As our recitation of the legislative history demonstrates, the Legislature was, at various points, concerned both with the possibility that one could be convicted of a felony under the new law even though unaware of the age of the person for whom alcohol was bought and with the possibility the purchaser could be convicted although unaware the drinker intended to become intoxicated or to drive.

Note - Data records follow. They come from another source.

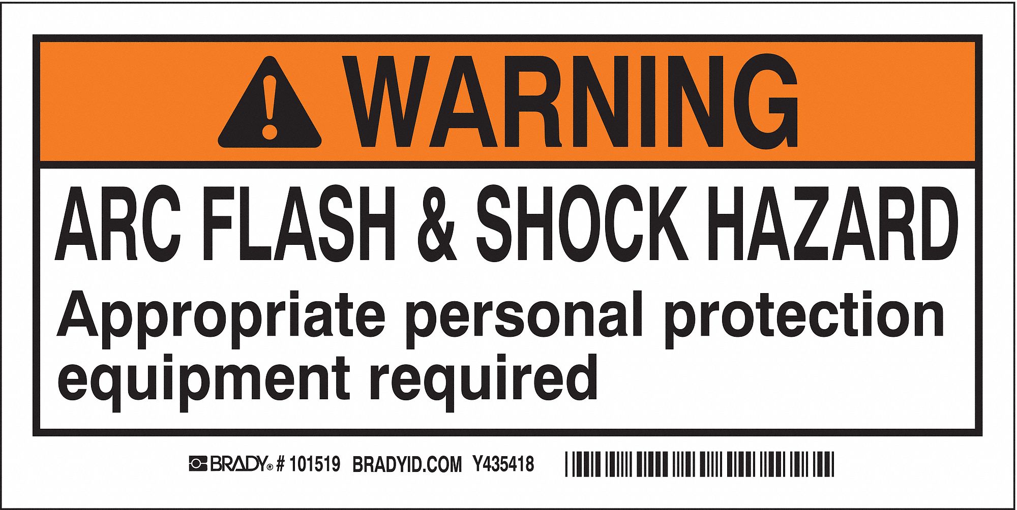 Brady Part 102309 Arc Flash Label Polyester Black Orange On
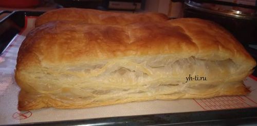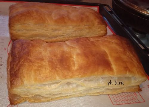 Ставим слоёное тесто в разогретую духовку и выпекаем при 180 градусах. Готовится оно быстро. Как только всё станет румяным, вынимаем. По времени ориентируйтесь по своей духовке. У меня ушло примерно 15 — 20 минут.
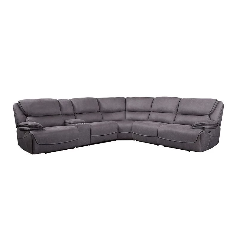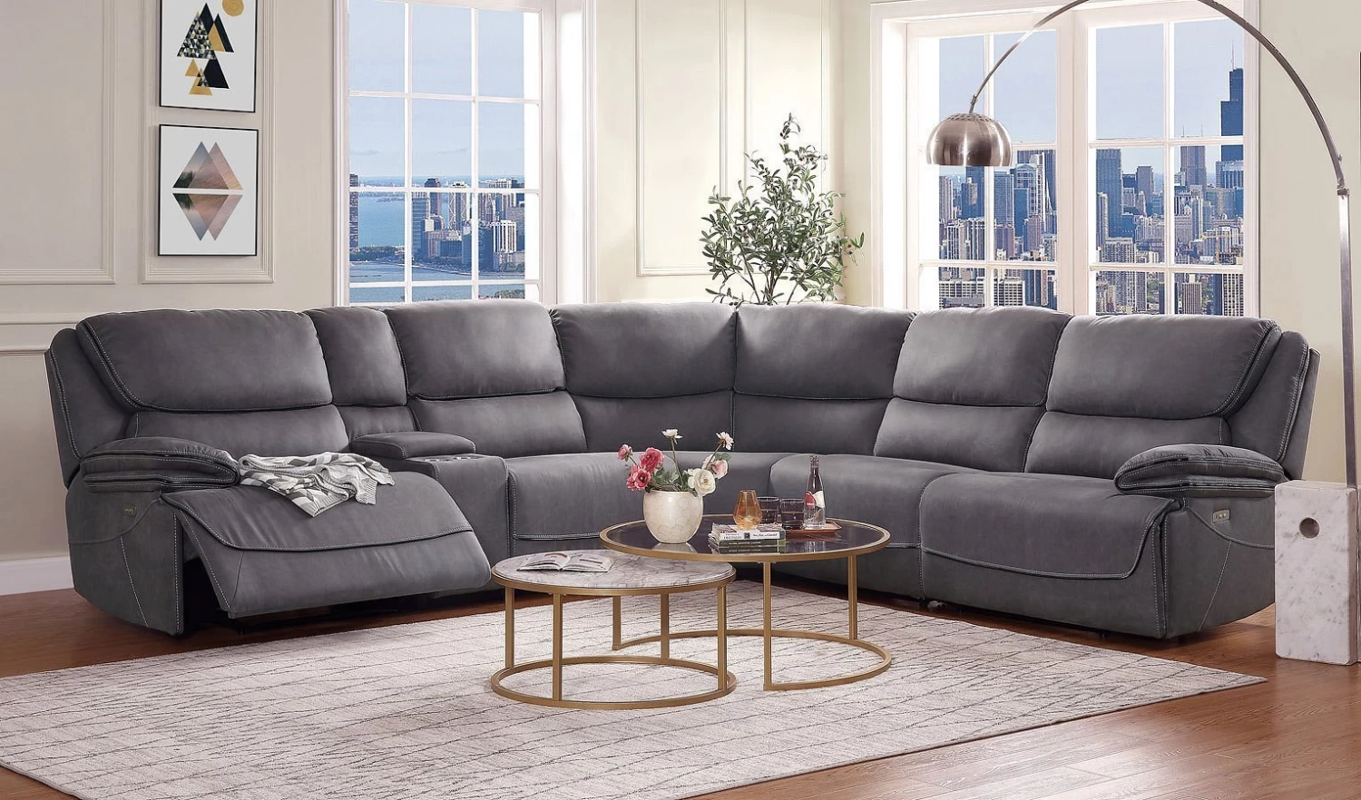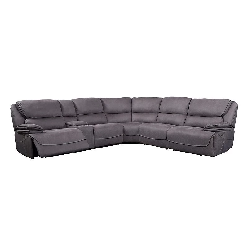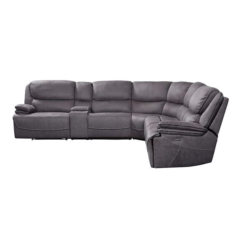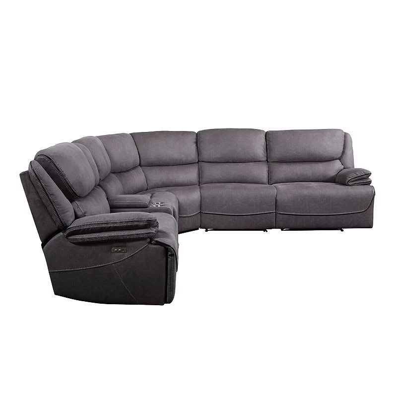 - OverviewThe Neelix Sectional by Acme Furniture is one you’ll want to spend lots of time in. This beautiful “L” shaped sectional features seal gray fabric upholstery with three power reclining seats, an armless stationary seat, a wedge, and a storage console. This gorgeous piece provides luxurious and stable support and spacious seating for your family and friends.

But that the Legislature may have entertained multiple concerns about the proposed law does not undermine the obvious inference that in deleting the felony option, with its attached intent requirement, the Legislature intended to leave the new crime a misdemeanor only, with no intent requirement.

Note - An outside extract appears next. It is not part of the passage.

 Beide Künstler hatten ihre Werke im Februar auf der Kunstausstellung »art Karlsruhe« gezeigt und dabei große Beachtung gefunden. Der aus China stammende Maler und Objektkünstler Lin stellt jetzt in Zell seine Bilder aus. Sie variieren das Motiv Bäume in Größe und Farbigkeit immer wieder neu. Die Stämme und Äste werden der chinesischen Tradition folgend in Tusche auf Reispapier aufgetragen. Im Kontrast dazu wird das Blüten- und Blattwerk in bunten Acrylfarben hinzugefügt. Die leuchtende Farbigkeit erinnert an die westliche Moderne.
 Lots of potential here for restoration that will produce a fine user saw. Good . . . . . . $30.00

Interpretation of section 25658(c) as a strict liability offense is bolstered by a consideration of other statutes addressing related issues, all of which appear in the same portion of the Business and Professions Code as does section 25658. (See art. 3 [“Women and Minors”], ch. 16 [“Regulatory Provisions”], div. 9 [“Alcoholic Beverages”].) For example, section 25658.2, subdivision (a) provides: “A parent or legal guardian who knowingly permits his or her child . . . under the age of 18 years, to consume an alcoholic beverage . .. at the home of the parent or legal guardian [under certain conditions] is guilty of [a] misdemeanor . . . .” (Italics added.) Similarly, section 25657, subdivision (b) provides: “In any place of business where alcoholic beverages are *273 sold to be consumed upon the premises, to employ or knowingly permit anyone to loiter in or about said premises for the purpose of begging or soliciting any patron or customer of, or visitor in, such premises to purchase any alcoholic beverages for the one begging or soliciting [is guilty of a misdemeanor].” (Italics added.) Finally, section 25659.5, subdivision (d) provides: “Any purchaser of keg beer who knowingly provides false information as required by subdivision (a) is guilty of a misdemeanor.” (Italics added.)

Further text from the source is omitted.